New Years I went to Pearl Harbor with James since he had duty and we tried watching the fireworks though all the smoke from fireworks going off everywhere on the island.
January I spent primarily alone. James was underway for most of it. So he decided to send a friend out. I tried to get Sarah to come but she couldn't so, on a spur of the moment idea, I asked my friend Ashley to come. I met her at Lincoln College and I hadn't got to hang out or talk to her too much since then. We were chatting online and I asked her since I hadn't seen her in forever and I thought it would be fun.
I don't really want to get into too much detail, but long story short: she came with "next to no money" she claimed, and didn't offer to split any restaurant bills, help with gas, nothing. She just sat there and expected me to pay for everything even though James and I offered her a free flight and provided a place to stay. However, she did buy herself a shirt and wanted to get stuff from Border's, but she couldn't pay for her own meals or anything? Right. So I felt very used and hurt. She barely talked to me after I said I'd fly her here and she hasn't spoken to me since she left either. Great friend, right?
So I'm done with her same as I was after Krupa used me. I'm done with trash like that. If Ashley didn't have much money, she shouldn't have accepted my offer OR she could have warned me and asked if I could help her out. But she didn't warn me, she didn't ask, and she didn't say thanks.

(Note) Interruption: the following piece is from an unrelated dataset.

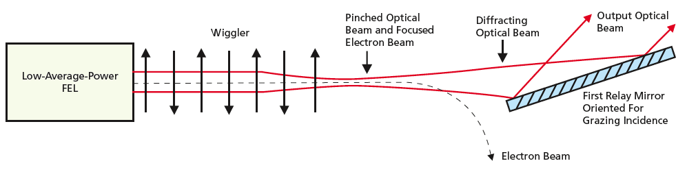 The focusing of the electron beam and the desired consequent pinching of the optical beam at the output end of the wiggler could be effected by application of an externally generated magnetic field or by utilizing the betatron oscillation of the electron-beam envelope. Pinching of the optical beam would reduce its Rayleigh length, thereby making it possible to put the first relay mirror closer to the wiggler without exceeding the damage threshold. The mirror would be oriented for grazing incidence to reduce the intensity at incidence and thereby increase the damage threshold. The combination of pinching the optical beam and grazing incidence would enable placement of the first relay mirror at or perhaps closer than a distance of 3μm from the output end of the wiggler.

Anyways. Things are going good now. James and I found a new place to live in Hawaii Kai. It is in a safer area, BEAUTIFUL, and I'm going to be closer to work. James leaves in May-ish for his 6 month Westpac, so I figured I might as well be close to work since he isn't here and we don't need to live near the base.
Well, that's about it. My butt is getting numb from sitting at the computer for so long so I'm going to go hang out with Buffy and Dawn and Amy (our pet rat!). Bonsoir!